Photoelectric sensors generally have one or two lenses, or a double lens, to collimate and focus the emitted and received light. Typically in prior art barrel sensors, the lenses are made of clear plastic or of glass, and are fastened inside the barrel housing using an intermediate lens holder mechanism, usually a molded plastic part.
Also inside the barrel there is usually a printed circuit board which contains the sensor electronics and the optoelectronic elements, which usually consist of an LED emitter and a phototransistor or photodiode receiver.
In such prior art barrel sensors, the usual manufacturing technique is to assemble the printed circuit board, install the lenses in the intermediate lens holder, install the lens holder in the barrel (often using an "O"-ring for sealing), install the indicator LED and cable in the rear end cap, install the printed circuit board in the barrel, install the rear end cap on the barrel, then encapsulate the entire assembly with epoxy.
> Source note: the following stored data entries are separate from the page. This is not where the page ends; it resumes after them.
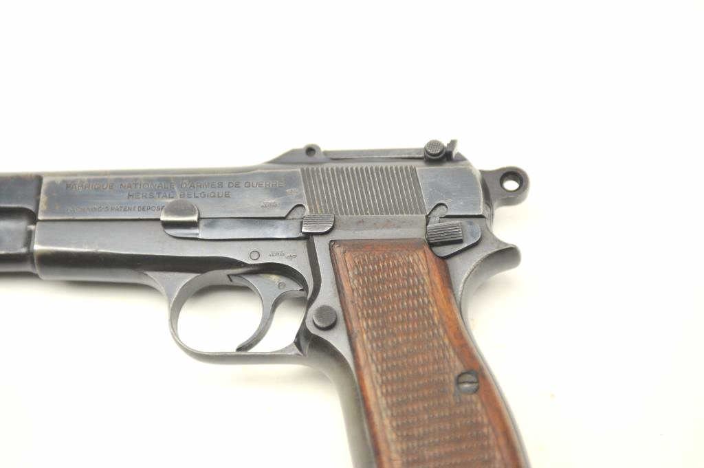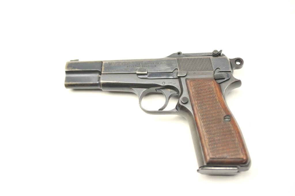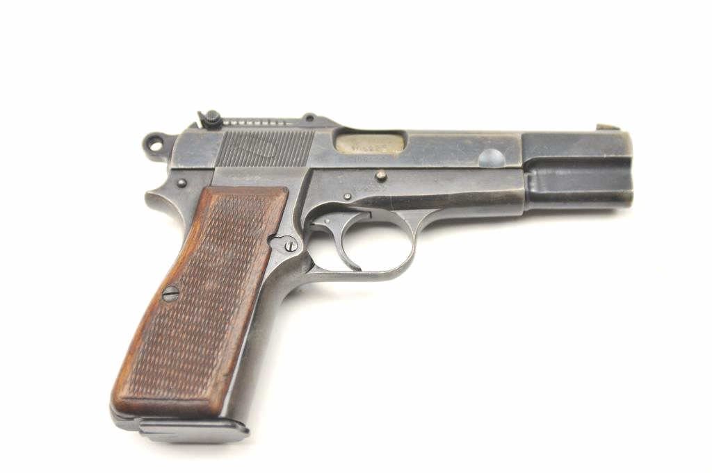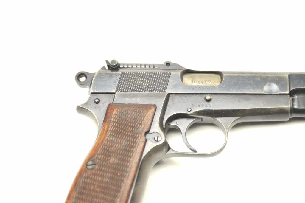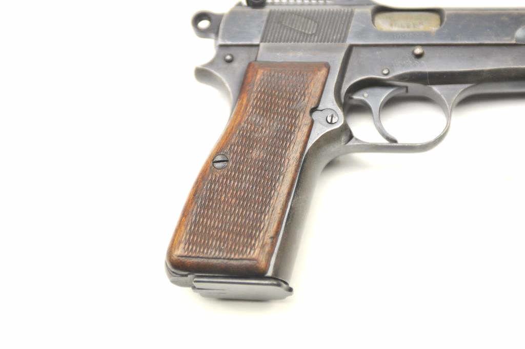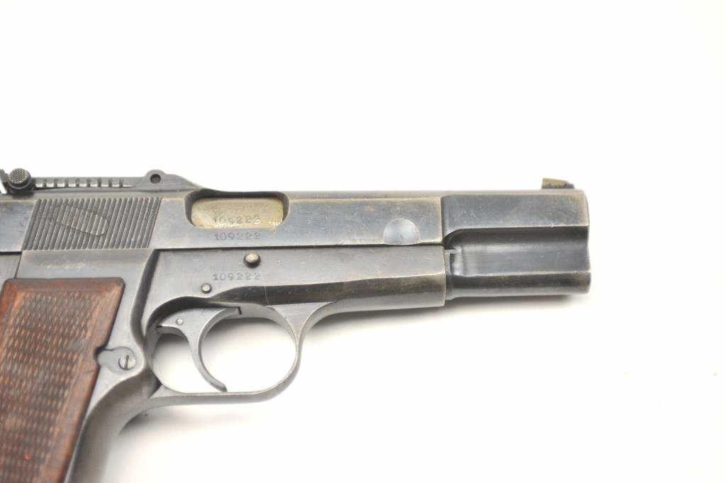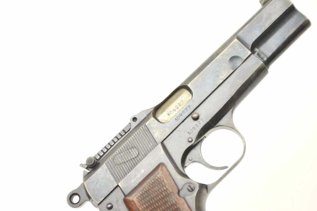 Browning High Power with tangent sight showing Nazi proofs, S/N 109222 in 9mm parabellum. 50%-70% thinning and toning original military blue finish. Good checkered wood grips with some bumps and wear. Goodmarkings. The interior is good and mechanically sound and tight. Blued 14 round not transferable in CA unless blocked. (C&R/PPT) Est.: $800-$1600
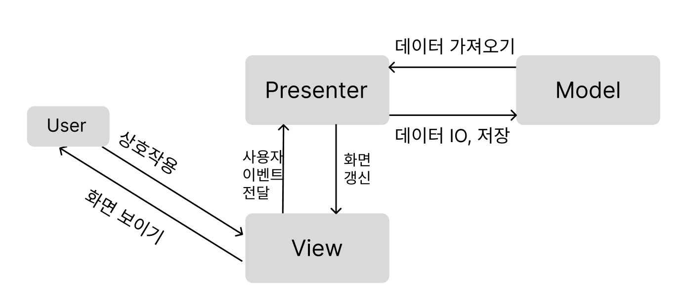 Model과 View는 MVC와 동일하지만 Presenter가 새로운 역할로 등장합니다
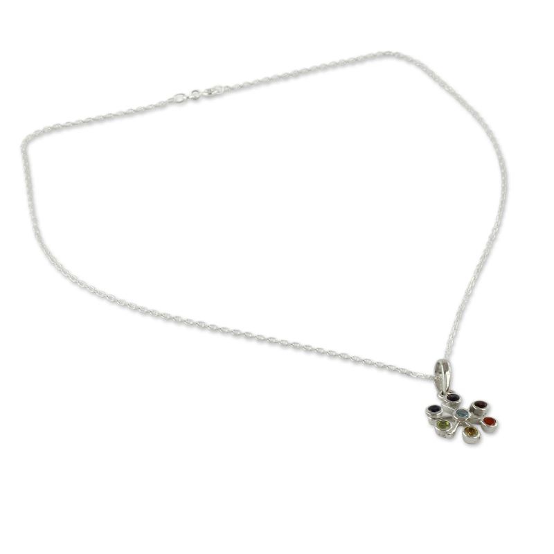 Glistening gemstones align with chakra energies on the basis of their color, inspiring this pinwheel pendant necklace from Alok Jain. In Sanskrit, chakra refers to an energy vortex through which vital universal forces are channeled, and there are believed to be seven in the human body. When all seven are aligned the person feels a healthy sense of well being. In this sterling silver necklace includes amethyst, iolite, citrine, peridot, garnet, blue topaz, and carnelian. The clear and light purple stones are associated with the 7th chakra (awareness and wisdom); the purple, violet and indigo gems with 6th chakra (insight and perception), and the blue or light blue with the 5th, that of communication and truth. Green and pink stones are for love and compassion, linked to the heart, on the 4th chakra. For inner power and will, the 3rd chakra is associated with yellow gems, whereas emotion and sexuality are linked to red and orange gems for the 2nd chakra. Black gems are used to stimulate the 1st chakra, that of stability and security.
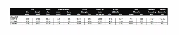 , Características de aclaración, fricción reducida y diseño de ring X de Quadra que aumenta la vida útil de la cadena de 11/2 a 2 veces más larga que una cadena de junta tórica estándar
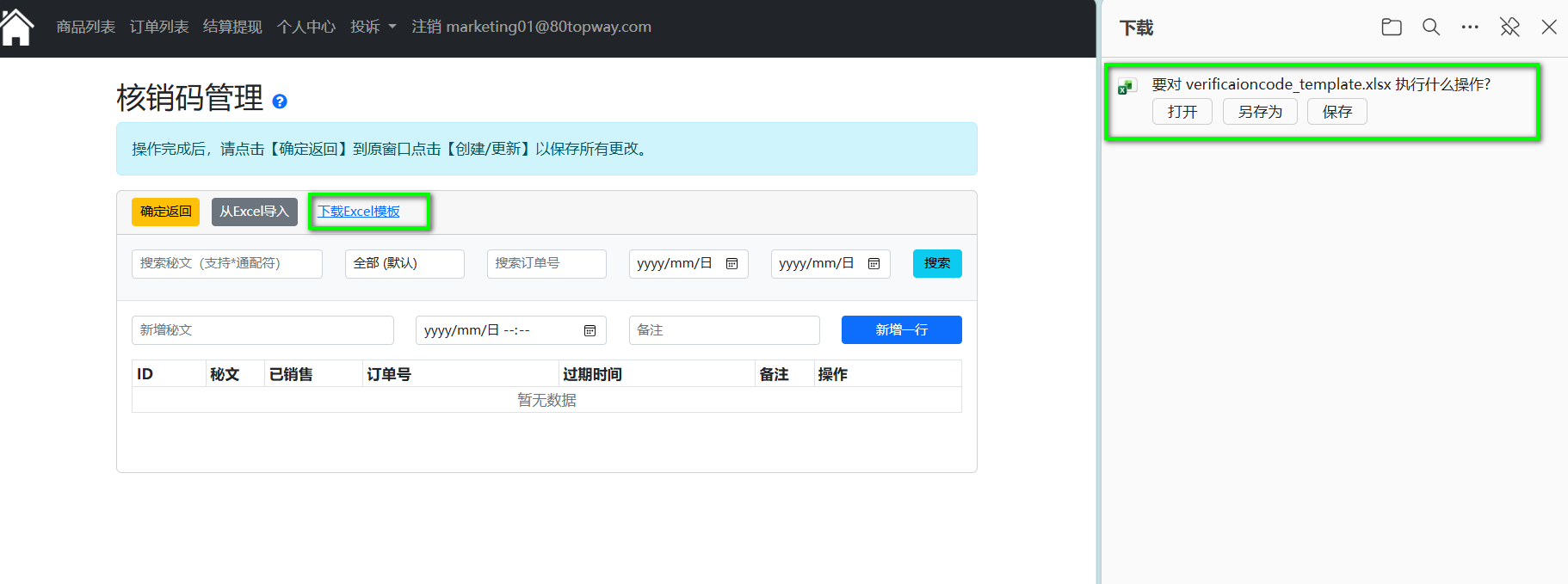 2.点击“编辑核销码”按钮,跳转到核销码管理页面,下载 EXCEL 模版。

The epoxy encapsulation is used for environmental sealing primarily against moisture, but also against other contaminants or gases to which the unit might be exposed in use. In such prior art systems, the encapsulation step requires that all parts fit together and seal perfectly, or else the epoxy will leak into the optical chamber, and may also leak out of the barrel housing. It is therefore necessary to provide leakproof joints around the lenses, the lens holder and the optoelectronic elements to keep epoxy from leaking into them, and around the rear end cap, the indicator LED, and the cable entrance, to prevent epoxy from leaking out. A high degree of dimensional precision in the various parts is required to achieve this sealing. This is an expensive and time-consuming process, but a necessary one in the prior art.
In prior art barrel sensors, even the encapsulation process does not guarantee integrity against environmental influences, because such sensors can be vulnerable to moisture despite the encapsulation. Liquids can enter at epoxy-to-plastic boundaries by capillary action. A common entrance point for moisture is around the indicator LED. Constant thermal cycling of the sensor can cause slight gaps to open. Moisture is then drawn along the boundary over an extended period of time, which could take months, until it reaches a part of the circuit where it lowers the impedance and renders the sensor inoperative or faulty. This capillary action can also take place at each end of the barrel, at the lens boundaries, and at the cable entrance.